En  mérito de lo expuesto, la Corte  Suprema de Justicia, Sala de Casación Penal,  

R E S U E L V E  

Primero:  Inadmitir  la demanda de casación presentada a nombre de Juan  Ramírez Sierra,  por su defensora.  

Contra esa  decisión procede la insistencia.  

Segundo:   Disponer  que, una vez adquiera ejecutoria la decisión inadmisoria, el  proceso vuelva al despacho para determinar la procedencia de una  casación oficiosa y parcial de la sentencia.  
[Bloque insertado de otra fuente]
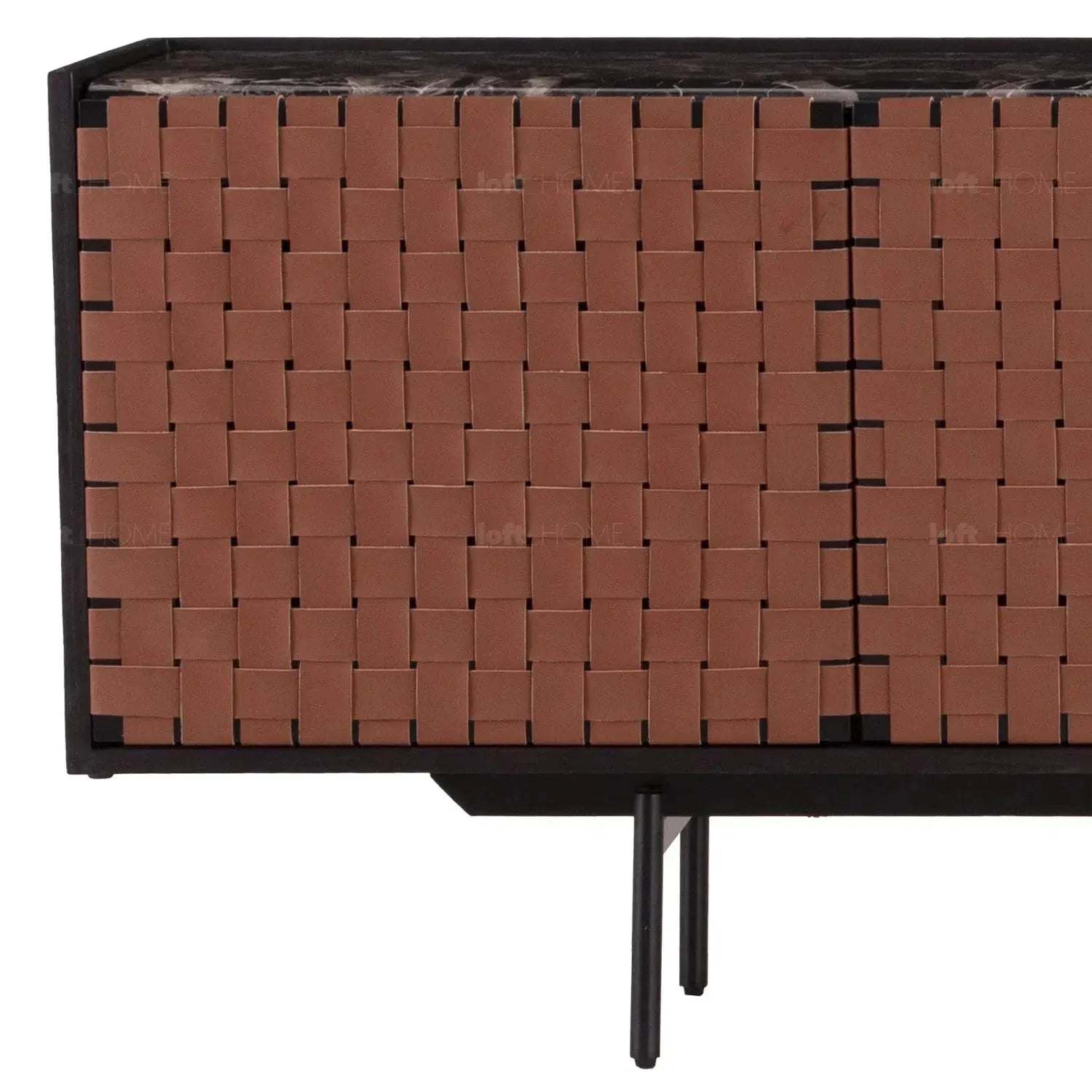 The TV console features orange PU leather doors with a distinctive crisscross pattern. This intricate design adds a contemporary and elegant aesthetic, making the console a standout piece in any room. |
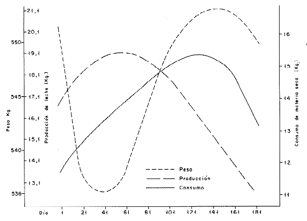 La ausencia de significancia en las diferencias entre razas permitió ignorar este factor en los posteriores estudios y considerar las 8 vacas como un sólo grupo. En el Cuadro 2 se presentan los cambios en los promedios del peso de las vacas, producción diaria de leche, consumo de materia seca y de los dos factores climáticos (temperatura media ambiental y humedad relativa) durante los 6 meses de estudio. Considerando que el peso promedio de las vacas al parir fue igual a 552,5 kg., se nota su disminución en los dos primeros meses, que comienza a recuperarse a nivel del tercero, se aumenta en el cuarto y se estabiliza en el quinto y sexto. La producción de leche se incrementa hasta el tercer mes y después sufre un descenso paulatino pero fuerte, en comparación al normal para el clima templado. A la vez, el consumo de materia seca aumenta hasta el quinto mes y sólo entonces empieza a declinar.
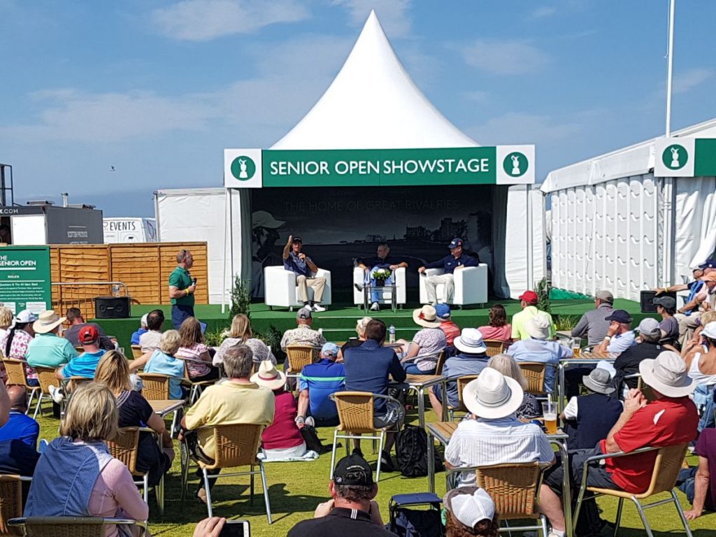 Paul McGinley joins USA Ryder Cup captains Tom Lehman and Tom Watson on stage after their first round of the 2018 Senior Open at St. Andrews
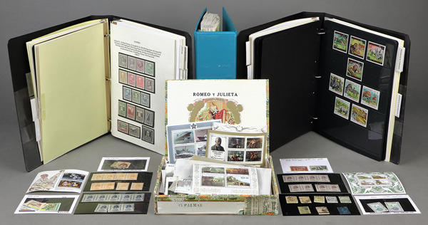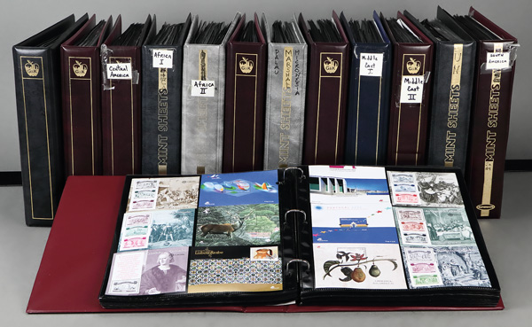 nearly all different and housed in thirteen binders arranged by country. A few used here and there but predominantly mint with Cuba, Portugal, Spain, and Romania, each with over 200 souvenir sheets, over 100 from Argentina, Brazil,

Cópiese,  notifíquese y cúmplase.  

LUIS ANTONIO  HERNÁNDEZ BARBOSA  

JOSÉ  FRANCISCO ACUÑA VIZCAYA  

JOSÉ  LUIS BARCELÓ CAMACHO  

FERNANDO LEÓN  BOLAÑOS PALACIOS  

FERNANDO  ALBERTO CASTRO CABALLERO  

EUGENIO  FERNÁNDEZ CARLIER  

EYDER PATIÑO  CABRERA  

PATRICIA  SALAZAR CUÉLLAR  

LUIS GUILLERMO  SALAZAR OTERO  

Nubia Yolanda Nova  García  

Secretaria  

1          CSJ AP, 10 dic. 2014, rad. 45065; CSJ AP, 3 dic. 2014, rad. 42787;          CSJ AP, 30 abr. 2014, rad. 43428; CSJ AP, 18 abr. 2012, rad. 38678;          entre otros.  

2          CSJ AP, 14 sept. de 2009, Rad: 32032.  

3          CSJ SP, 14 Mar. de 1969, Rad: 404717, y en la actualidad: CSJ AP, 26          abr. de 2017, Rad: 46066.  

4          Folios 18 – 20, fallo de          segunda instancia.  

5          Folios 21 – 23          sentencia de segunda instancia.  

6          CSJ. AP3622-2017, 7 jun.          2017, rad. 46449.  

7          Folio 21sentencia de segunda instancia.  

8          CSJ AP, 23 ago. 2007, rad.          28059.